# 1 year old dog - behavior just took a turn for the worst!



## jBlaze3000 (Jul 16, 2010)

Hello, first time poster here. I have a 1 year old lab/springer mix and I am hoping to get some advise on a recent change in behavior. Here is the story:

This past winter (Minnesota) we had our dog inside mostly all winter except for a couple of weekly walks on the leash. Needless to say, she was a bit of a terror in the house. 

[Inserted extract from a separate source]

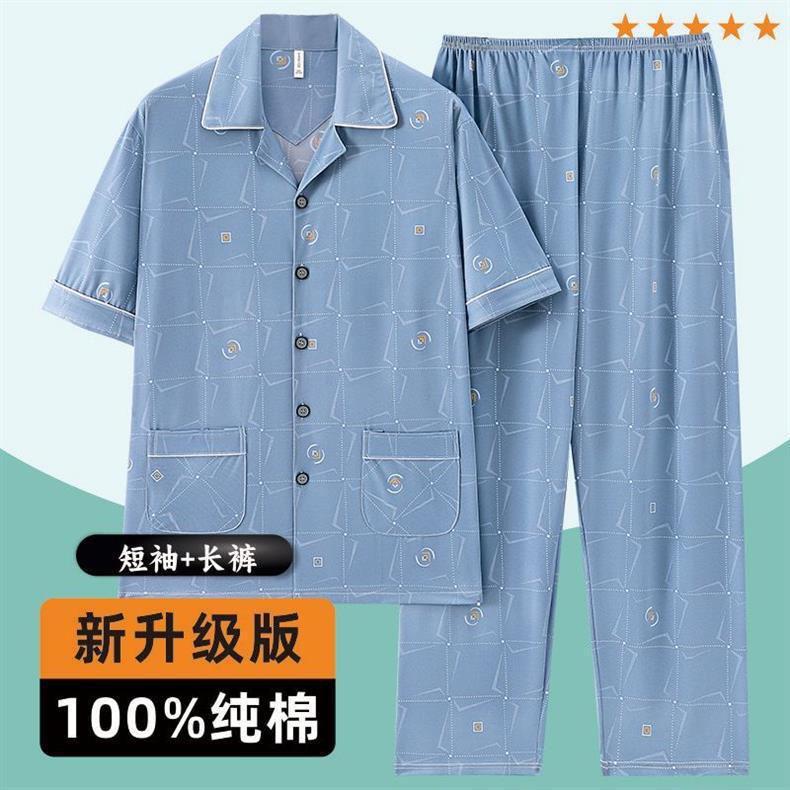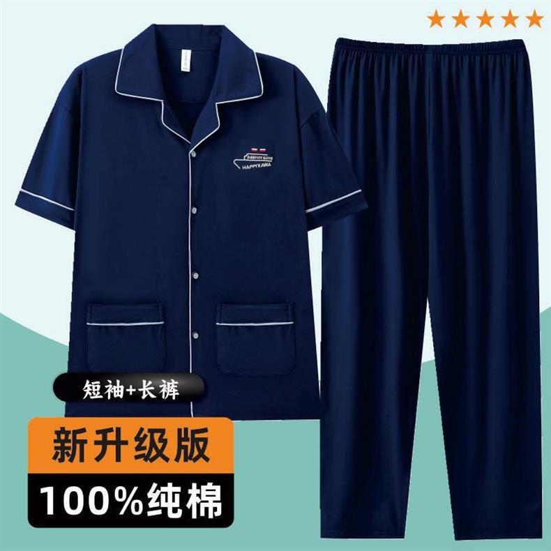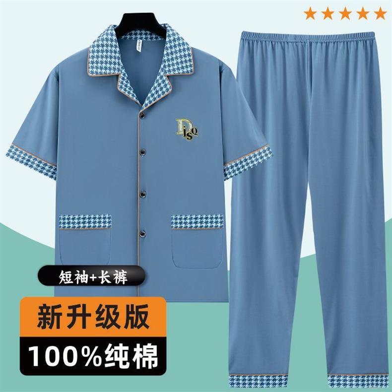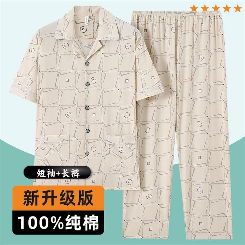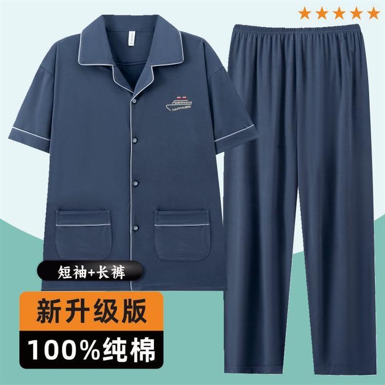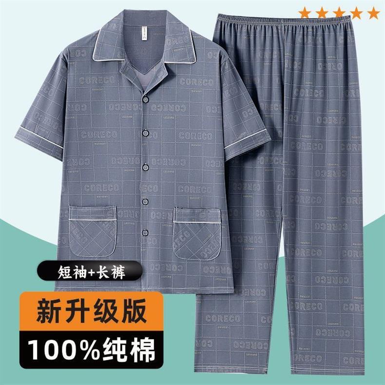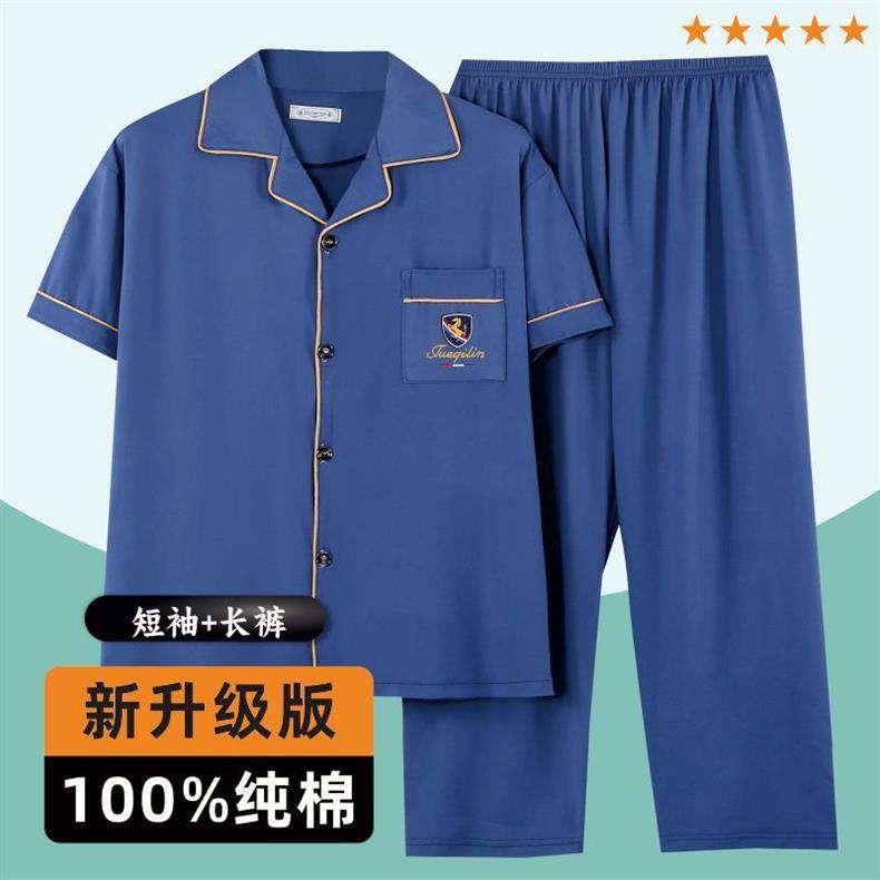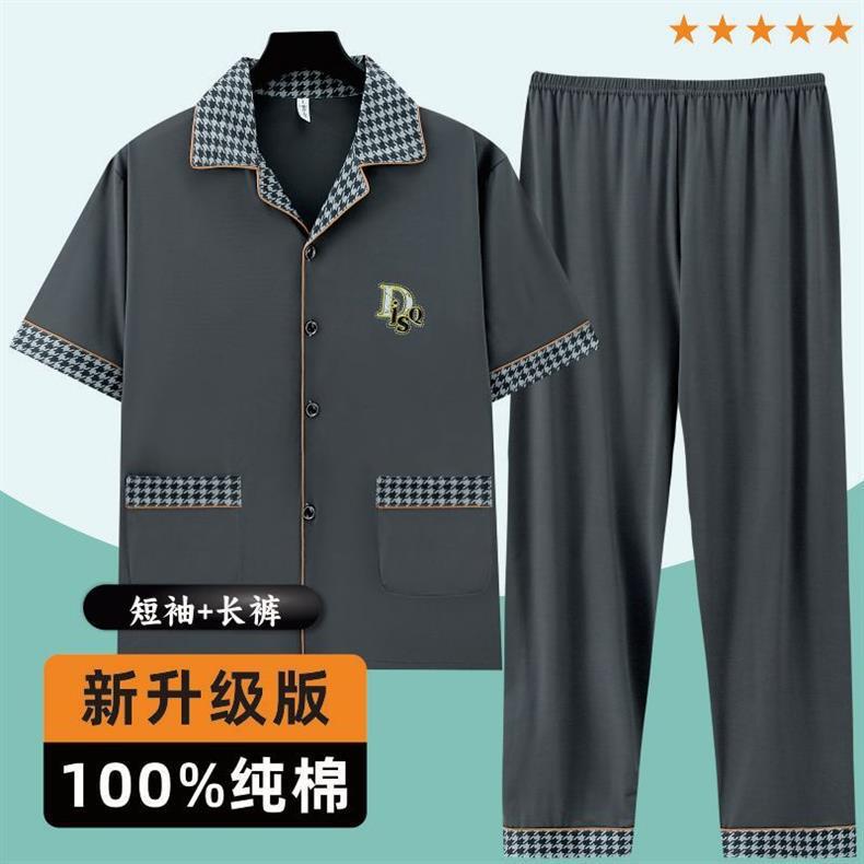 Fertilizador y ropa de hogar de tamaño grande pijama de hombre algodón de verano algodón conjunto de manga corta juveniles primavera y otoño delgada

Come spring, we bought a "Chuck-it" ball thrower and it was a godsend. She loves it and after half a dozen throws she doesn't even need to be on the leash when we walk through our local park. Her behavior was awesome and she even got good enough to where we would leave her out of the kennel when we left the house. In the past month she has been on a couple of camping trips with us and has been off of the leash almost the entire time (not bad for a 1 year old puppy IMO). 

The problem is now whenever we go somewhere without her, even if only for a hour or less, she terrorizes the house (chews up shoes/ remotes/ anything she can get a hold of and goes to the bathroom on our carpets). To me, I feel like she's doing it out of anger because we're not taking her with us. 

Just in the past week she's started whining to go outside constantly and sometimes she'll go in the house only minutes after she's let in. I began to think that maybe she has some sort of infection but it only seems to happen on days we don't walk her. She was fully potty trained (6 months without an accident) until her recent change in behavior.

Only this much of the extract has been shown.